Records excerpted from a collection
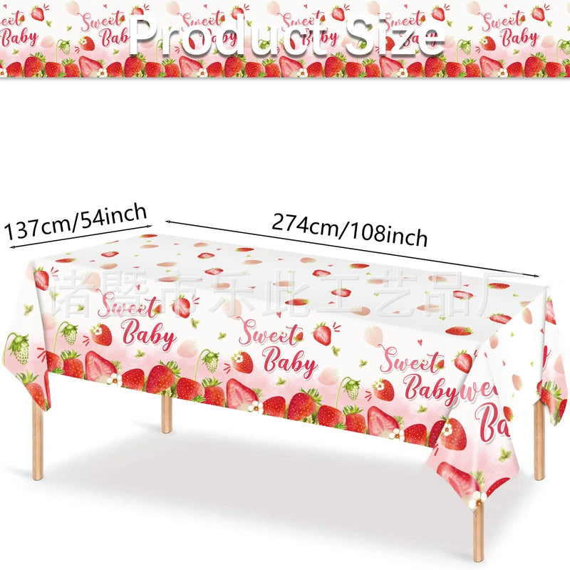 | Color | Strawberry Tablecloth 137*274, Strawberry paper Cup 10 Pack, Pink knife 10 pack, Pink fork 10 Pack, Pink spoon 10 Pack, Strawberry 7 inch plate 10 Pack, Pink straw 24 Pack, Strawberry 9 inch plate 10 Pack, Strawberry tissue 25 Pack, New strawberry tablecloth 137*274 |
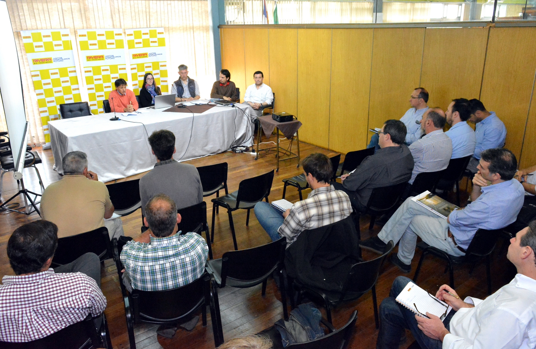 El martes 7 de octubre se realizó en Sala de Conferencias de la Intendencia Departamental de Rivera, una reunión de interés departamental, donde participaron el Director General de Desarrollo y Medio Ambiente QF. Alejandro Bertón, con empresas interesadas de llevar adelante la construcción y/o operación o la construcción solamente, del nuevo sitio de disposición final, que es un proceso de licitación internacional que se estará dilucidando, en el mes de diciembre.
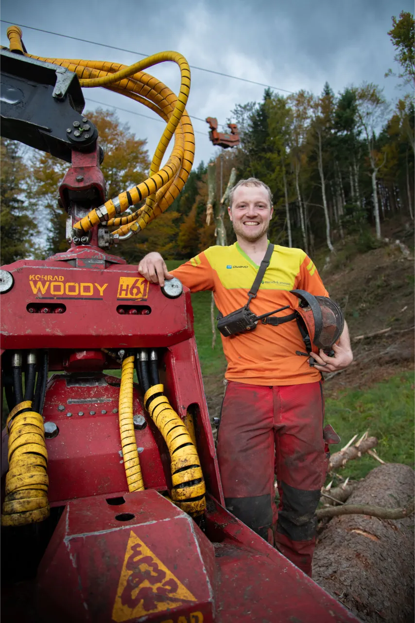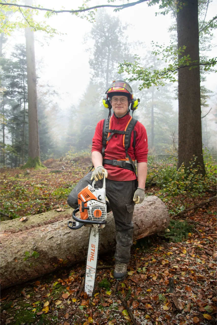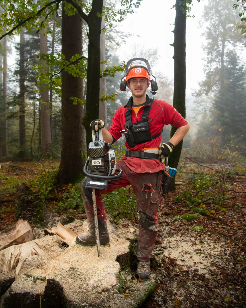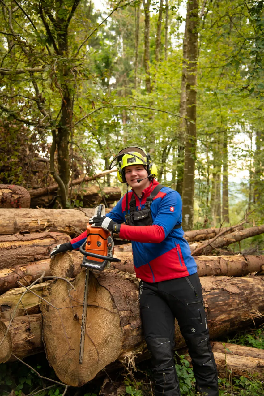 Il travaille depuis deux ans chez Geissmann Forst AG. Il a suivi une formation continue en tant que formateur et commencera bientôt l’école de contremaître. Il apprécie de travailler dehors par tous les temps. Ce qui le séduit particulièrement, c’est la récolte du bois pour l’entreprise et la collaboration avec les machines. Il aime repartir chaque matin dans la forêt pour faire ce qu’il aime. Il referait sans hésiter la formation de forestier-bûcheron.
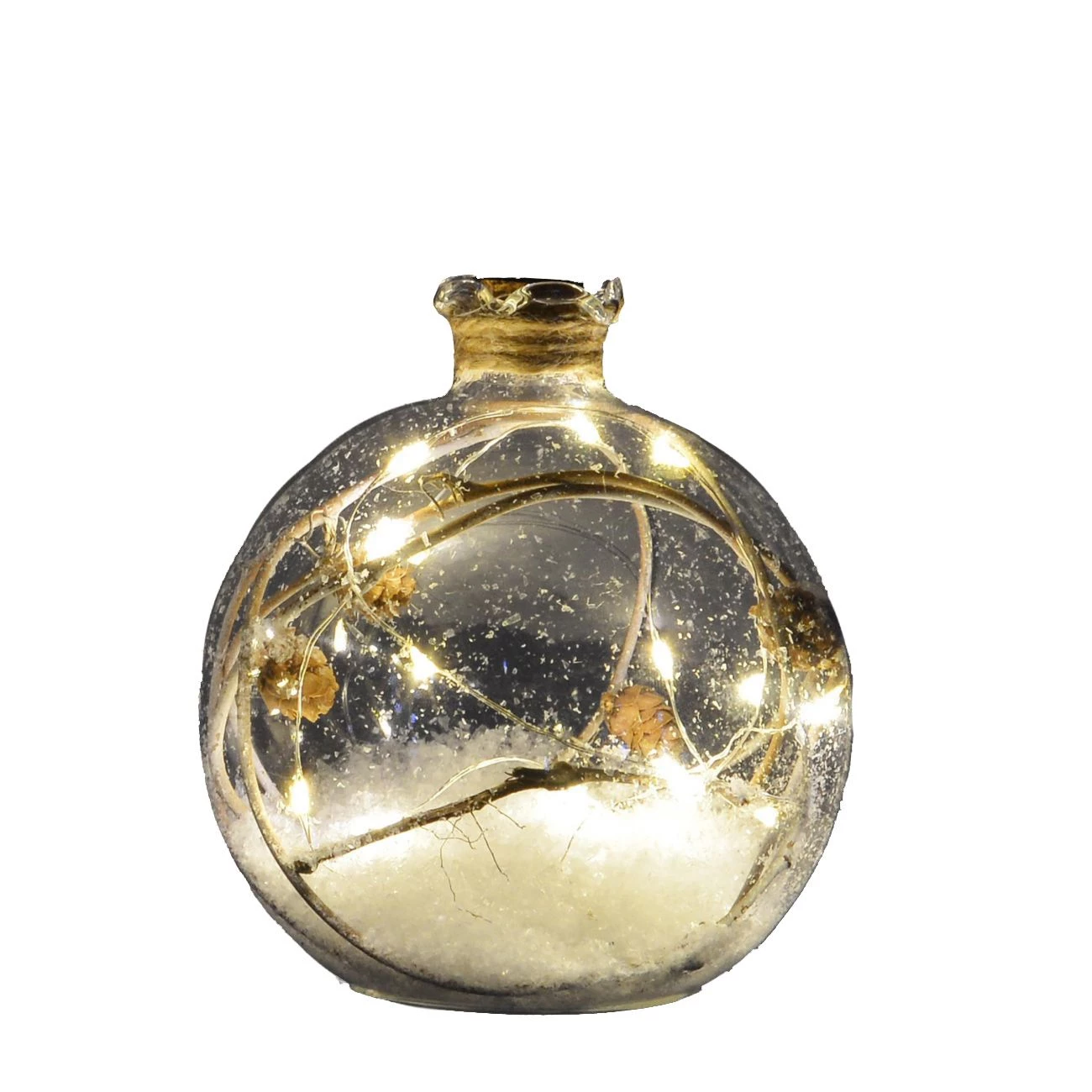 Svetleča krogla premera 12cm, 8 mini LED žarnic, Stalna bela svetloba. Deluje na baterije 2x CR2032 - priložena - priložena
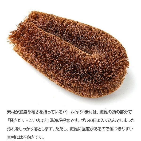 素材が適度な硬さを持っているパーム(ヤシ)素材は、繊維の頭の部分で「掻きだす・こすり出す」洗浄が得意です。
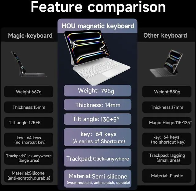 [Secure Attachment, Peace of Mind Protection]: The HOU iPad Pro 13 inch 2024 keyboard case uses strong magnets that perfectly align with the iPad Pro, ensuring a secure attachment.This magnetic design enhances stability and protects the iPad from slipping
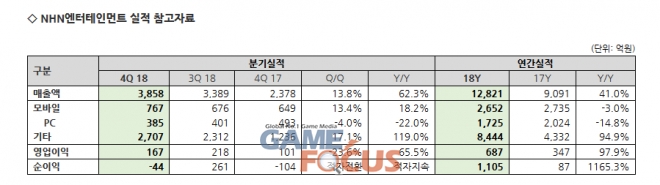 NHN엔터테인먼트의 2018년 4분기 매출은 3,858억원, 영업이익은 167억원, 당기순손실 44억원을 기록했다. 2018년 연간으로는 전년 대비 41.0% 증가한 1조 2,821억원의 매출과 97.9% 오른 687억원의 영업이익, 1165.3% 상승한 1,105억원의 당기순이익을 나타냈다.
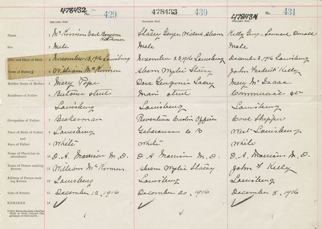 Male Birth Registration: Year: 1916 number: 47800434
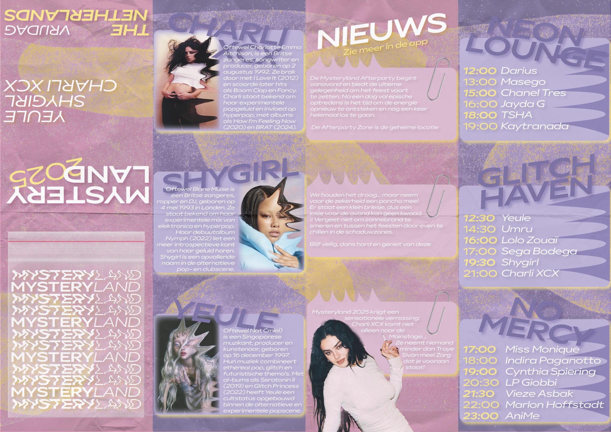 Ik heb voor Mysteryland een nieuwe huisstijl mogen ontwerpen voor hun folder en app. In dit project heb ik voornamelijk gebruik gemaakt van Adobe Indesign en Adobe Photoshop en Figma.
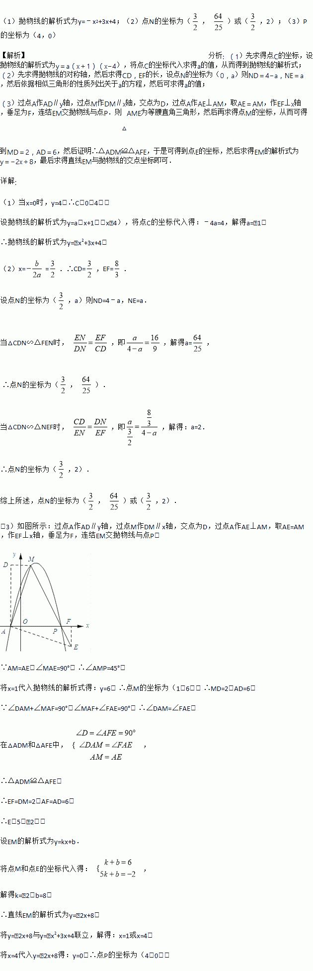 二次函数y=ax2+bx+4的图象与x轴交于两点A、B,与y轴交于点C,且A(﹣1,0)、B(4,0).
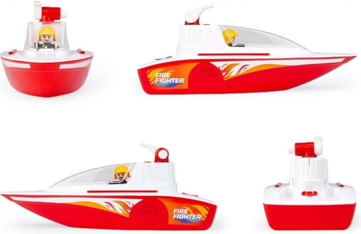 Geef kinderen spannende waterpret met de LENA brandweerboot! Deze robuuste boot voor in bad, het zwembad en aan zee heeft een werkend waterkanon met mechanische pomp, een openende cabine voor 2 figuurtjes en is uitgevoerd in heldere, goed zichtbare kleuren. Inclusief 1 figuurtje en geschenkverpakking. Het speelgoed ontwikkelt de fijne motoriek, oog-handcoördinatie en creativiteit.
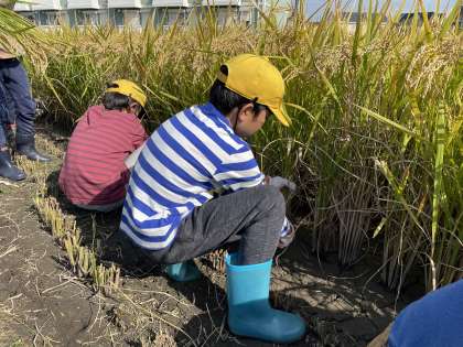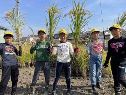 自分たちで植えた稲が育ち,稲を刈ることができました。
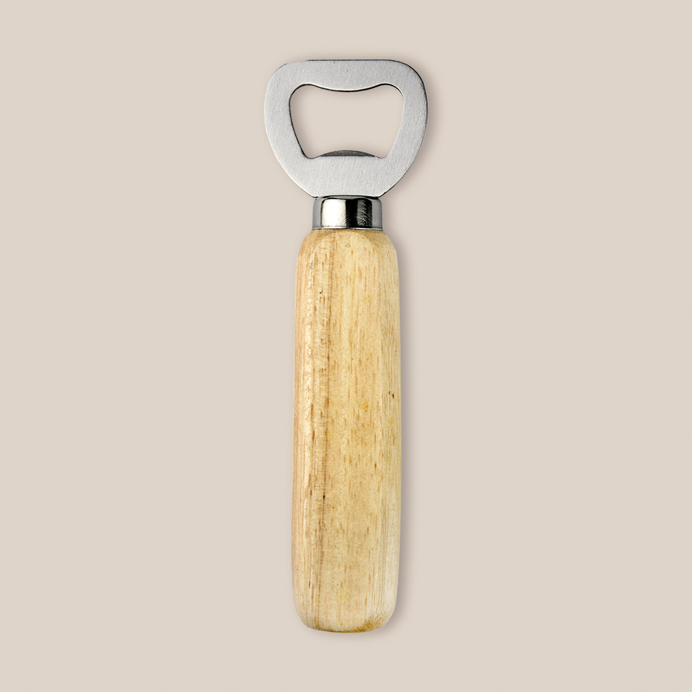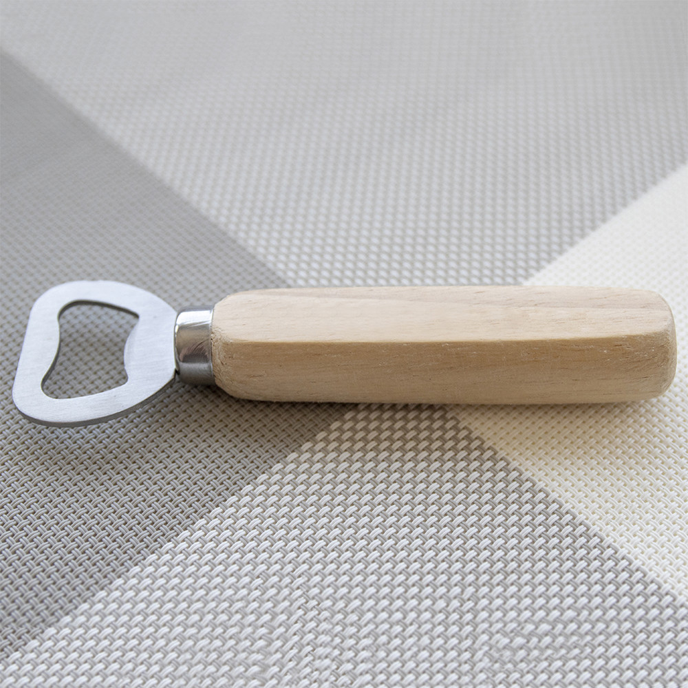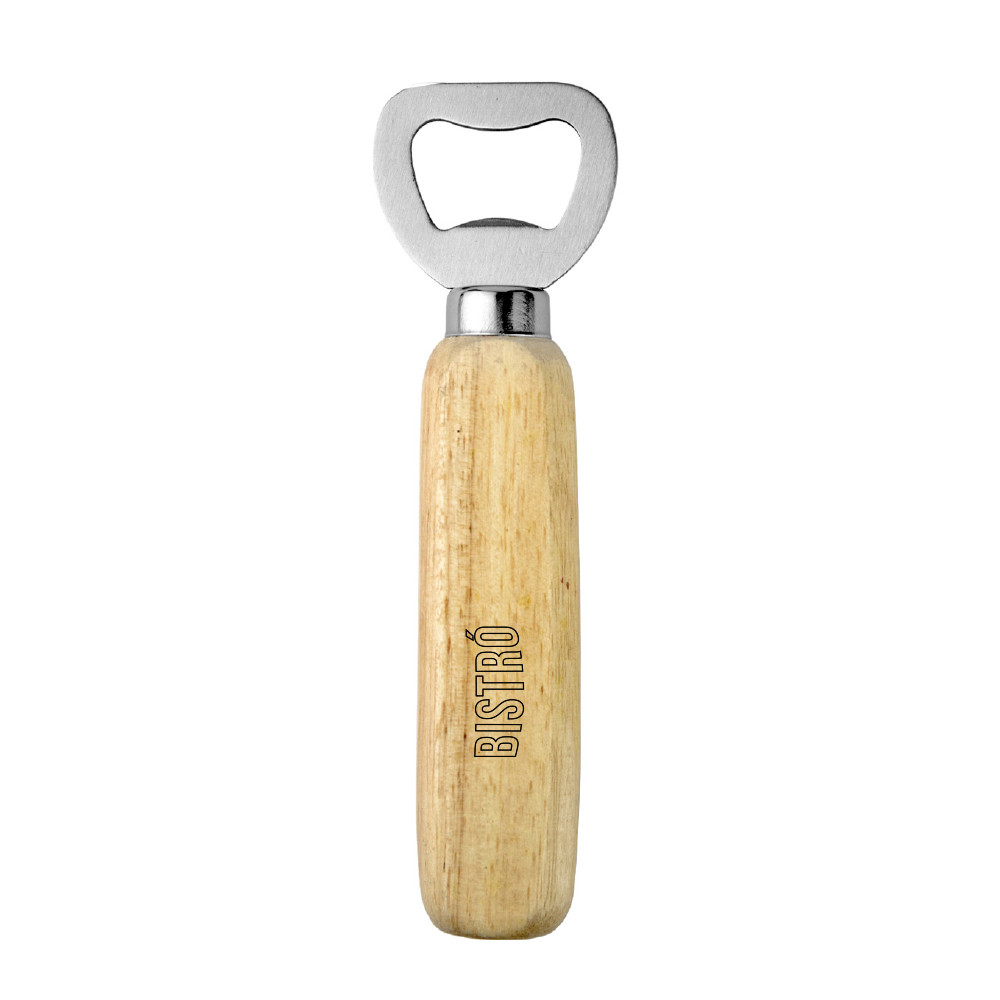 Abridor de garrafas fabricado em aço inoxidável e punho de madeira.

- Work order
Set down every record once more, word for word, without pictures.

- Your solution
 | Color | Strawberry Tablecloth 137*274, Strawberry paper Cup 10 Pack, Pink knife 10 pack, Pink fork 10 Pack, Pink spoon 10 Pack, Strawberry 7 inch plate 10 Pack, Pink straw 24 Pack, Strawberry 9 inch plate 10 Pack, Strawberry tissue 25 Pack, New strawberry tablecloth 137*274 |
 El martes 7 de octubre se realizó en Sala de Conferencias de la Intendencia Departamental de Rivera, una reunión de interés departamental, donde participaron el Director General de Desarrollo y Medio Ambiente QF. Alejandro Bertón, con empresas interesadas de llevar adelante la construcción y/o operación o la construcción solamente, del nuevo sitio de disposición final, que es un proceso de licitación internacional que se estará dilucidando, en el mes de diciembre.
 Il travaille depuis deux ans chez Geissmann Forst AG. Il a suivi une formation continue en tant que formateur et commencera bientôt l’école de contremaître. Il apprécie de travailler dehors par tous les temps. Ce qui le séduit particulièrement, c’est la récolte du bois pour l’entreprise et la collaboration avec les machines. Il aime repartir chaque matin dans la forêt pour faire ce qu’il aime. Il referait sans hésiter la formation de forestier-bûcheron.
 Svetleča krogla premera 12cm, 8 mini LED žarnic, Stalna bela svetloba. Deluje na baterije 2x CR2032 - priložena - priložena
 素材が適度な硬さを持っているパーム(ヤシ)素材は、繊維の頭の部分で「掻きだす・こすり出す」洗浄が得意です。
 [Secure Attachment, Peace of Mind Protection]: The HOU iPad Pro 13 inch 2024 keyboard case uses strong magnets that perfectly align with the iPad Pro, ensuring a secure attachment.This magnetic design enhances stability and protects the iPad from slipping
 NHN엔터테인먼트의 2018년 4분기 매출은 3,858억원, 영업이익은 167억원, 당기순손실 44억원을 기록했다. 2018년 연간으로는 전년 대비 41.0% 증가한 1조 2,821억원의 매출과 97.9% 오른 687억원의 영업이익, 1165.3% 상승한 1,105억원의 당기순이익을 나타냈다.
 Male Birth Registration: Year: 1916 number: 47800434
 Ik heb voor Mysteryland een nieuwe huisstijl mogen ontwerpen voor hun folder en app. In dit project heb ik voornamelijk gebruik gemaakt van Adobe Indesign en Adobe Photoshop en Figma.
 二次函数y=ax2+bx+4的图象与x轴交于两点A、B,与y轴交于点C,且A(﹣1,0)、B(4,0).
 Geef kinderen spannende waterpret met de LENA brandweerboot! Deze robuuste boot voor in bad, het zwembad en aan zee heeft een werkend waterkanon met mechanische pomp, een openende cabine voor 2 figuurtjes en is uitgevoerd in heldere, goed zichtbare kleuren. Inclusief 1 figuurtje en geschenkverpakking. Het speelgoed ontwikkelt de fijne motoriek, oog-handcoördinatie en creativiteit.
 自分たちで植えた稲が育ち,稲を刈ることができました。
 Abridor de garrafas fabricado em aço inoxidável e punho de madeira.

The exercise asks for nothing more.